Image result for After Harvey, a desperate search for the missing on social media

People are turning to social media to help find family members and loved ones displaced by Hurricane Harvey, with thousands posting photos and pleas for help.

Pictures and pleas for dozens of toddlers, brothers and grandfathers are circulating on Instagram, Facebook and Twitter.

  • Harvey’s worst flooding “not yet over” in southeast Texas, gov. says

No official number of the unaccounted-for has been released as the storm continues to pound Texas and Louisiana for a fifth straight day. Authorities say the 18 deaths confirmed so far could surge in the days to come.

The posts appeared to be getting results, though not always good news.

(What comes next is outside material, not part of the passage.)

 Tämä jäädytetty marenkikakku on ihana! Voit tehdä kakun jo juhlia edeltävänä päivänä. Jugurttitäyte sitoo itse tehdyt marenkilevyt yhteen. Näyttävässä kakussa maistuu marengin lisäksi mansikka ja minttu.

“Pleaseeeee,” read an Instagram posting seeking 8-month-old Paige Booth, showing the baby sitting on a couch with a pacifier.

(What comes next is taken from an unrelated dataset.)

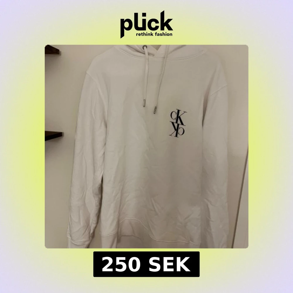 Snygg vit hoodie från Calvin Klein med stor svart CK-logga på ryggen och mindre logga på bröstet. Tröjan har huva med snörning och är långärmad. Perfekt för dig som gillar stilrena och trendiga plagg.

Her mother and grandmother were evacuating from their Houston home Monday and holding her above their heads as the water rose to their chests and a current pushed them along.

“It was raining bad, and the water was high,” the mother, Bajauh Henix, said.

They handed the baby off to a police officer on a personal watercraft, who took the infant to higher ground and handed her to a family in a black pick-up truck, said Kennesha Grand, the girl’s grandmother. But when Grand and Henix reached the area where the child was supposed to be, no one there knew her whereabouts.

Once they reached a shelter, they posted photos of the baby on Instagram and elsewhere. “Everyone started posting, and it started spreading,” Grand said.

After nearly four hours, the mother got a phone call from a family. They had Paige, who was returned by a police officer, completely unfazed by the ordeal.

“She was sweet. She was dry. She was fed,” Grand said. “She didn’t miss us.”

Another search that took hold on social media lasted far longer — and lacked the happy ending.

Ruben Jordan, 58, a former football and track coach from a Houston-area high school, had been sought since he disappeared on Saturday night.

“Please help,” the digital flier linked on Facebook and Twitter posts said. “His family is desperately awaiting any information … He was helping rescue people from high water when last seen.”

People who spread the post praised the coach.

“Coach Jordan … had a tremendous positive impact on my twin sons,” Lee Jackson, an Austin writer, said when sharing the post, “he still keeps up with them. They love him.”

But after 48 hours of searching, his two adult children and the rest of his family learned from the Friendswood police department Monday that he had died, said Sandra Jordan Washington, his former wife.

Another missing man, 25-year-old Omar Rosales, worked part time at Walmart. With his meager wages, he had decided to forgo a cellphone so he could pay for car insurance.

That made him unreachable for 17 hours after Harvey began, his mother, Lydia Rosales, said. His sister posted on Instagram on Sunday, hoping to find him.

Omar Rosales found that rising waters kept him from getting home when he got off work Saturday night. He finally parked in a lot, but the water forced him to drive farther and at last his car stalled for good as he coasted into a gas station.

There, a man let him use his cellphone and he called his mother, who was just six blocks away at a friend’s house where she had taken shelter after leaving her own home.

“It’s just a miracle,” Rosales said Tuesday night, adding that she’d make sure her son had a phone from now on. “I think we both learned our lesson.”

The Federal Emergency Management Agency pointed anyone looking for a missing person to the American Red Cross’ “Safe and Well” site, which lets people leave their name and a brief message to let others know that they are safe.

Harvey, now categorized as a tropical storm, has caused widespread damage across southeastern Texas, with floodwaters expected to continue rising for several more days. Officials say they expect 450,000 people to register as disaster victims with federal government.